--- Recorded data Enclosed Below ---

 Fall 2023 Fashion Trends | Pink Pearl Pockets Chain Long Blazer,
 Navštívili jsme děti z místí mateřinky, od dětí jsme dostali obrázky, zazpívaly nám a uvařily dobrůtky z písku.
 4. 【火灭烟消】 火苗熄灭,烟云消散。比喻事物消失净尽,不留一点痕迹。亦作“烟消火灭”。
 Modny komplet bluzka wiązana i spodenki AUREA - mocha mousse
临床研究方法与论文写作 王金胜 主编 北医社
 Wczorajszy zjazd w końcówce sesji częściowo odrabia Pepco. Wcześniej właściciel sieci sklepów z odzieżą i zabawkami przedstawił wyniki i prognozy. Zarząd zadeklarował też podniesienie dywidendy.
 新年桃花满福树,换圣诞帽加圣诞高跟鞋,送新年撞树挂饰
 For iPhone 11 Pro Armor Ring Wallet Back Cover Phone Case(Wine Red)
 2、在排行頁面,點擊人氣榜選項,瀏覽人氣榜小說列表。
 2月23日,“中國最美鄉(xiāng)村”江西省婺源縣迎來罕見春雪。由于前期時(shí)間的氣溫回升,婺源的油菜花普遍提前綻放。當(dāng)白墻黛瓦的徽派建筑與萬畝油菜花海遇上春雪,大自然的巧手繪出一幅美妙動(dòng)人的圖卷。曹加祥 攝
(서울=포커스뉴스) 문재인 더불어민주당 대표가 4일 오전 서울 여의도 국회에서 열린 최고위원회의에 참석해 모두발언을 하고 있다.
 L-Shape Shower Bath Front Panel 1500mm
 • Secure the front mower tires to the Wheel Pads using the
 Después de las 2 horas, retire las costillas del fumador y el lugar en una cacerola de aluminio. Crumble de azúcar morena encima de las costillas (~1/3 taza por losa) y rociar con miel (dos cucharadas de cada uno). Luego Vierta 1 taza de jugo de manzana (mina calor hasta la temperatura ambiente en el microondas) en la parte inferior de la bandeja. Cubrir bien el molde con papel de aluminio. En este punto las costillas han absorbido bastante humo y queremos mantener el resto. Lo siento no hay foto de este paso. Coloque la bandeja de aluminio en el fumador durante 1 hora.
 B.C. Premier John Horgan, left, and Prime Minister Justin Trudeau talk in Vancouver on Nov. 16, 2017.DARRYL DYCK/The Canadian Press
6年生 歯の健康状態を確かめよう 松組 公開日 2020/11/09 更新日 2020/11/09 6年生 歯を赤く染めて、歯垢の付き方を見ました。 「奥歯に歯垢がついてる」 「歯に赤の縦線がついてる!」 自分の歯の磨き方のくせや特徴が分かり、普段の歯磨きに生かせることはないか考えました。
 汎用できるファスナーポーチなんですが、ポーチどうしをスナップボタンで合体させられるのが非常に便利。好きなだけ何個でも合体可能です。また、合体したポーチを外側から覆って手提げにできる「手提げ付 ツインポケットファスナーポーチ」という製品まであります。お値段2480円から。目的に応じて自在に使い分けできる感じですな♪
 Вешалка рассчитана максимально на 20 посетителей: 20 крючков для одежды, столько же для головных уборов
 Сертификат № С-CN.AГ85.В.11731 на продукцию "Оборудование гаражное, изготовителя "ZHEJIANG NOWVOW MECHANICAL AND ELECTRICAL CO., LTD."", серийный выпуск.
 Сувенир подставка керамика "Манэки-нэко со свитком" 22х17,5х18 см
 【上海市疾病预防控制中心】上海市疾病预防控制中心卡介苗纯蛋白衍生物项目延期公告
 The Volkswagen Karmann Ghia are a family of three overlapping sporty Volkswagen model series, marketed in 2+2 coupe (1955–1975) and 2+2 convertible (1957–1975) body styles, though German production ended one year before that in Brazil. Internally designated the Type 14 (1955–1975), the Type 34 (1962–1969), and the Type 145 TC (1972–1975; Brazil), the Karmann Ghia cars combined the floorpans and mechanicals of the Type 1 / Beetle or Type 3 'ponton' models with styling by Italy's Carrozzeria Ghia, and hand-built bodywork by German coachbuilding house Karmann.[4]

--- End of Enclosed Recorded data ---

Exercise details: Go to the line in the material above that contains "Pads using the" and copy exactly from there through the line that contains "6年生 歯の健康状態を確かめよう 松組", stopping after it.

Answer to this exercise:
 • Secure the front mower tires to the Wheel Pads using the
 Después de las 2 horas, retire las costillas del fumador y el lugar en una cacerola de aluminio. Crumble de azúcar morena encima de las costillas (~1/3 taza por losa) y rociar con miel (dos cucharadas de cada uno). Luego Vierta 1 taza de jugo de manzana (mina calor hasta la temperatura ambiente en el microondas) en la parte inferior de la bandeja. Cubrir bien el molde con papel de aluminio. En este punto las costillas han absorbido bastante humo y queremos mantener el resto. Lo siento no hay foto de este paso. Coloque la bandeja de aluminio en el fumador durante 1 hora.
 B.C. Premier John Horgan, left, and Prime Minister Justin Trudeau talk in Vancouver on Nov. 16, 2017.DARRYL DYCK/The Canadian Press
6年生 歯の健康状態を確かめよう 松組 公開日 2020/11/09 更新日 2020/11/09 6年生 歯を赤く染めて、歯垢の付き方を見ました。 「奥歯に歯垢がついてる」 「歯に赤の縦線がついてる!」 自分の歯の磨き方のくせや特徴が分かり、普段の歯磨きに生かせることはないか考えました。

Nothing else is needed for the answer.